Waterson E J, Murray-Lyon I M
Gastrointestinal Unit, Charing Cross Hospital, London.
Alcohol Alcohol. 1989;24(1):21-30.
This paper assesses different methods of asking about alcohol consumption in the antenatal clinic. Reliable screening methods are essential if appropriate intervention is to be accurately targeted. Women attending antenatal clinic for the first time were questioned about their alcohol consumption in the period immediately before confirmation of pregnancy. Quantity-frequency questions, a question about bingeing and the Cage Questions were asked as part of the routine clinical history by the interviewing doctor. In addition, the women were given a further self-completed questionnaire which contained more detailed questions about the usual quantity and frequency of drinking beers, wines and spirits, the Cage Questions again and the Brief Michigan Alcoholism Screening Test (BMAST). Asking simple quantity-frequency questions coupled with a question about bingeing during the clinical history was shown to be a quick and efficient method of estimating alcohol intake. Self-administered questionnaires were shown to be unnecessary and although the Cage Questions performed better than the BMAST, these alcoholism screening tests were found to be unreliable in this population in which drinking was generally at a low level.
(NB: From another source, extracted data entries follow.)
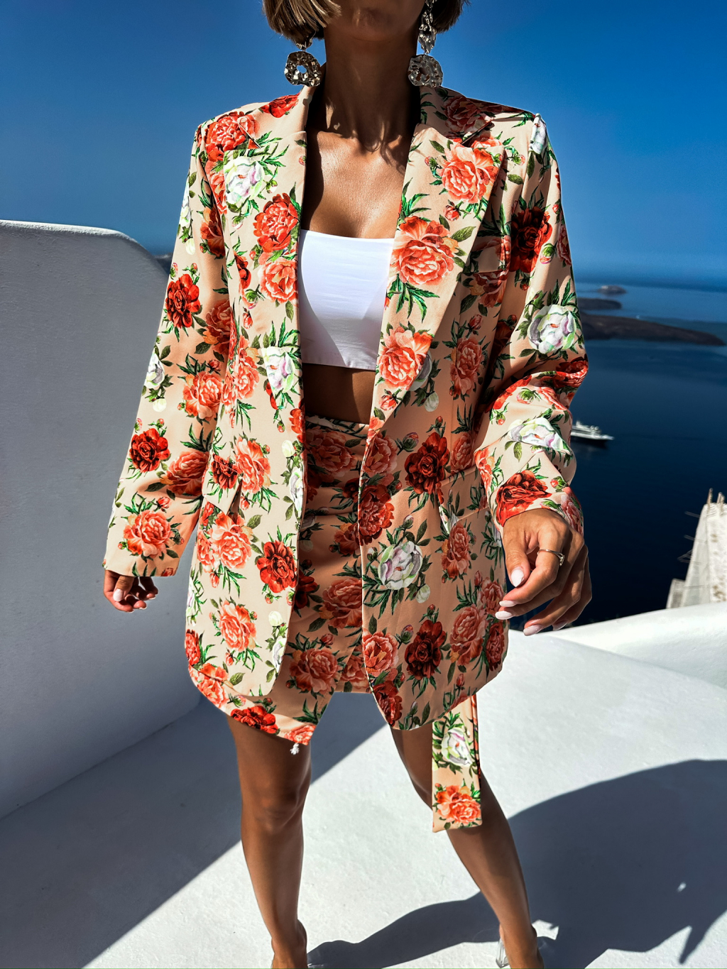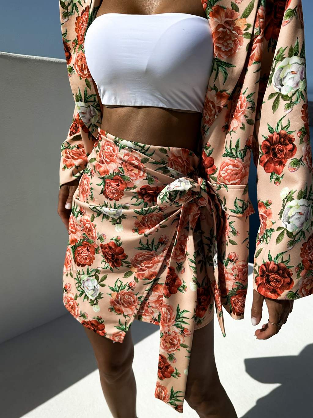Marhuľový kvetovaný komplet so sakom PINKIE
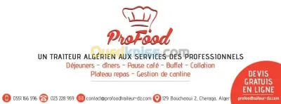 Depuis 2010, Nos chefs cuisinier prennent toute vos commande et préparent toute sorte plat a des prix imbattable avec couverture optimale nous vius livrons sur la zone grand Alger Pour
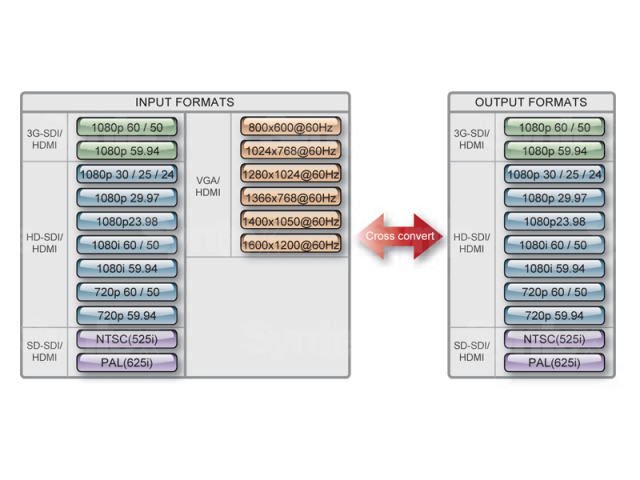 (YUV/RGB): 1080p60/50, 1080p59.94, 1080p30/25/24, 1080p29.97, 1080p23.98, 1080i60/50, 1080i59.94, 720p59.94, 720p60/50, 576p, 480p, VGA, 1600x1200@60Hz, 1400x1050@60Hz, 1366x768@60Hz, 1280x1024@60Hz, 1024x768@60Hz, 800x600@60Hz
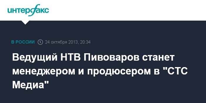 Москва. 24 октября. INTERFAX.RU - Тележурналист и ведущий телеканала НТВ Алексей Пивоваров переходит в холдинг "СТС Медиа", где займет пост директора по направлению ТВ и трансмедиапроектов. Как сообщается на сайте телеканала НТВ, Пивоваров принял решение развиваться как телевизионный продюсер и для этого перешел в холдинг "СТС Медиа".
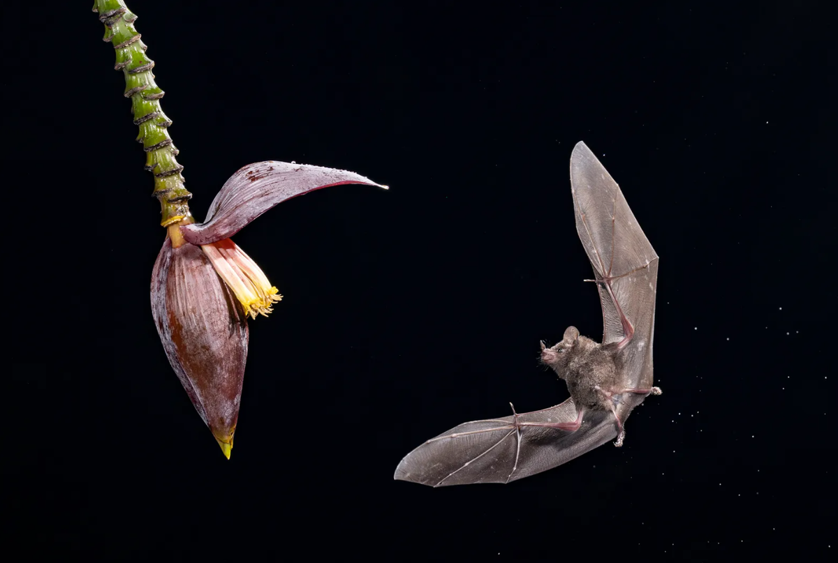 «Длинноязыкий бат (Glossophaga soricina) летит за нектаром, размещённым в цветке банана. Летучие мыши прерывали инфракрасный луч, который запускал вспышки, расставленные вокруг цветка. Мы снимали в полной темноте, и уже позже стало ясно, насколько много мышей кружило рядом».

本文评估了在产前诊所询问饮酒情况的不同方法。若要准确进行适当干预,可靠的筛查方法至关重要。首次到产前诊所就诊的女性在确认怀孕前即刻被询问饮酒情况。访谈医生在常规临床病史询问中会询问饮酒量 - 频率问题、关于暴饮的问题以及Cage问题。此外,还让这些女性填写一份进一步的自填式问卷,其中包含关于啤酒、葡萄酒和烈酒通常饮用量及频率的更详细问题、再次询问Cage问题以及简短密歇根酒精中毒筛查测试(BMAST)。结果表明,在临床病史询问中询问简单的饮酒量 - 频率问题并加上关于暴饮的问题是估计酒精摄入量的快速有效方法。自填式问卷被证明是不必要的,尽管Cage问题比BMAST表现更好,但在这个总体饮酒水平普遍较低的人群中,这些酒精中毒筛查测试被发现不可靠。